§ **Exercise objective**
Return the data that follows exactly as it appears. Pictures do not belong in the copy.

§ **Records provided**
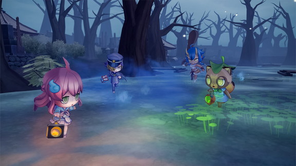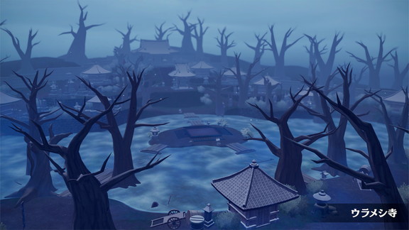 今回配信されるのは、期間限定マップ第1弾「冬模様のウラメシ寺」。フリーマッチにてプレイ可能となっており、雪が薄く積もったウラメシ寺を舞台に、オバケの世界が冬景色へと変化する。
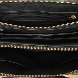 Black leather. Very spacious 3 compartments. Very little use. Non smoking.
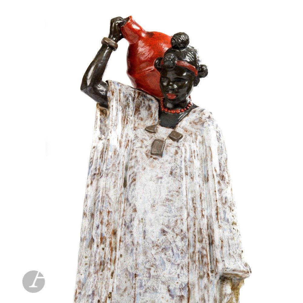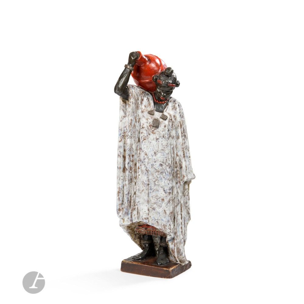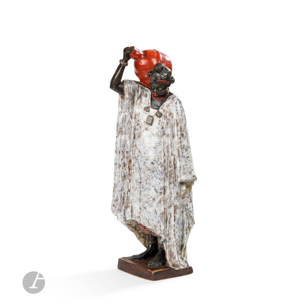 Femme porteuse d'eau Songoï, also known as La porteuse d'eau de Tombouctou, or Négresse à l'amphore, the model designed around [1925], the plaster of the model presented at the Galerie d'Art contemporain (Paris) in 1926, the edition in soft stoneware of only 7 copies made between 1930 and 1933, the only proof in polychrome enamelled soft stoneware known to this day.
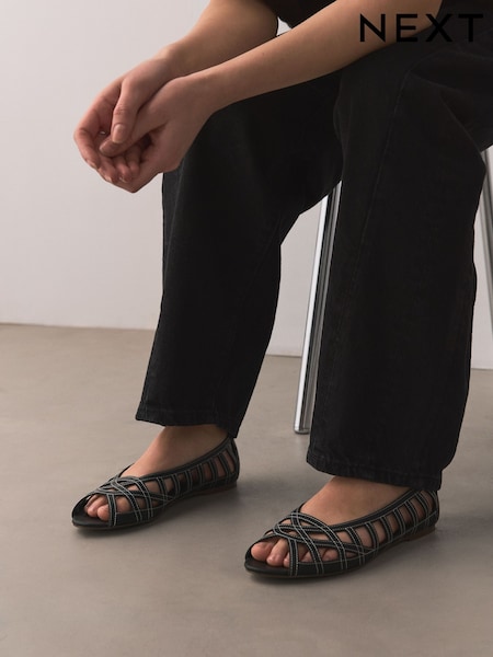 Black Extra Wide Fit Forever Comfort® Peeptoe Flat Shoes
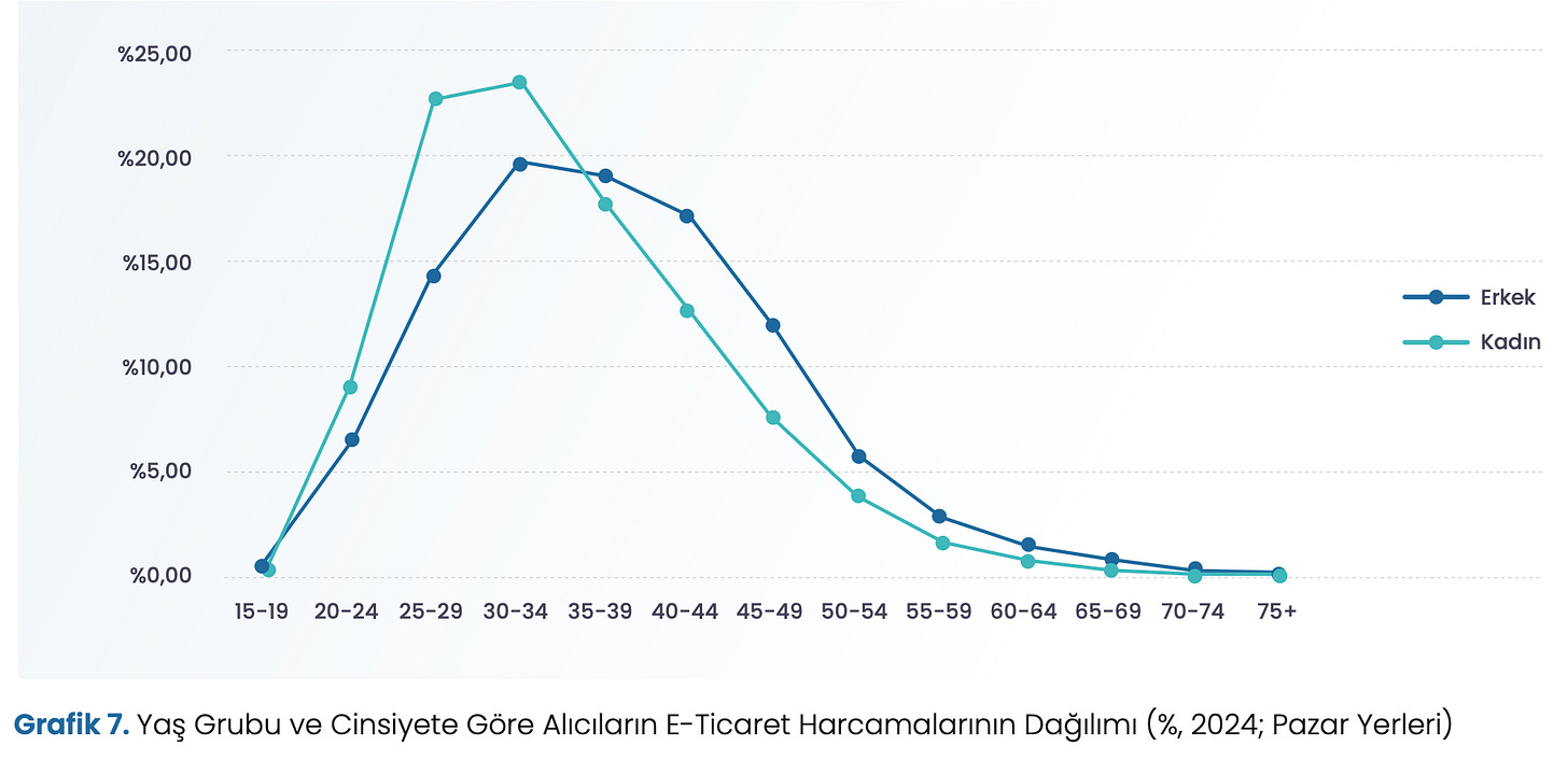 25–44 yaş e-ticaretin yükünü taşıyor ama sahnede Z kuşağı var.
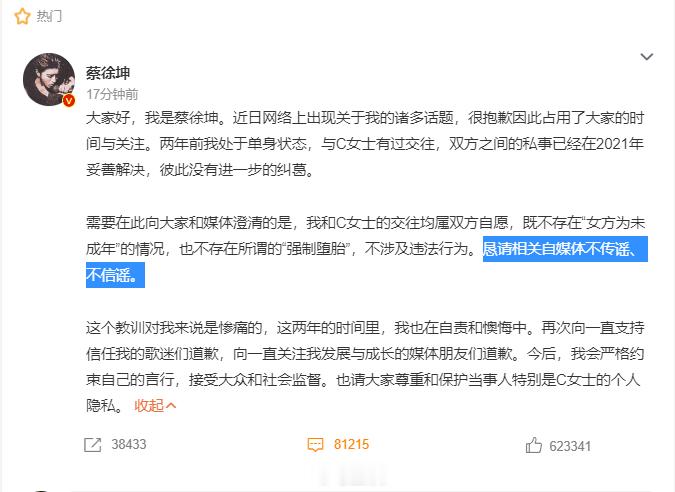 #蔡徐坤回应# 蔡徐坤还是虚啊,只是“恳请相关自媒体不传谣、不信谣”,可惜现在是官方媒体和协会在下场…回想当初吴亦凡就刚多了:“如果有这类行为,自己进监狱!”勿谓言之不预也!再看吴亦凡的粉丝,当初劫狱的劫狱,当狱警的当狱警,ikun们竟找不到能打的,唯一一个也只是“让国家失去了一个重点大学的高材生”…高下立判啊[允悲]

§ **Exercise response**
 今回配信されるのは、期間限定マップ第1弾「冬模様のウラメシ寺」。フリーマッチにてプレイ可能となっており、雪が薄く積もったウラメシ寺を舞台に、オバケの世界が冬景色へと変化する。
 Black leather. Very spacious 3 compartments. Very little use. Non smoking.
 Femme porteuse d'eau Songoï, also known as La porteuse d'eau de Tombouctou, or Négresse à l'amphore, the model designed around [1925], the plaster of the model presented at the Galerie d'Art contemporain (Paris) in 1926, the edition in soft stoneware of only 7 copies made between 1930 and 1933, the only proof in polychrome enamelled soft stoneware known to this day.
 Black Extra Wide Fit Forever Comfort® Peeptoe Flat Shoes
 25–44 yaş e-ticaretin yükünü taşıyor ama sahnede Z kuşağı var.
 #蔡徐坤回应# 蔡徐坤还是虚啊,只是“恳请相关自媒体不传谣、不信谣”,可惜现在是官方媒体和协会在下场…回想当初吴亦凡就刚多了:“如果有这类行为,自己进监狱!”勿谓言之不预也!再看吴亦凡的粉丝,当初劫狱的劫狱,当狱警的当狱警,ikun们竟找不到能打的,唯一一个也只是“让国家失去了一个重点大学的高材生”…高下立判啊[允悲]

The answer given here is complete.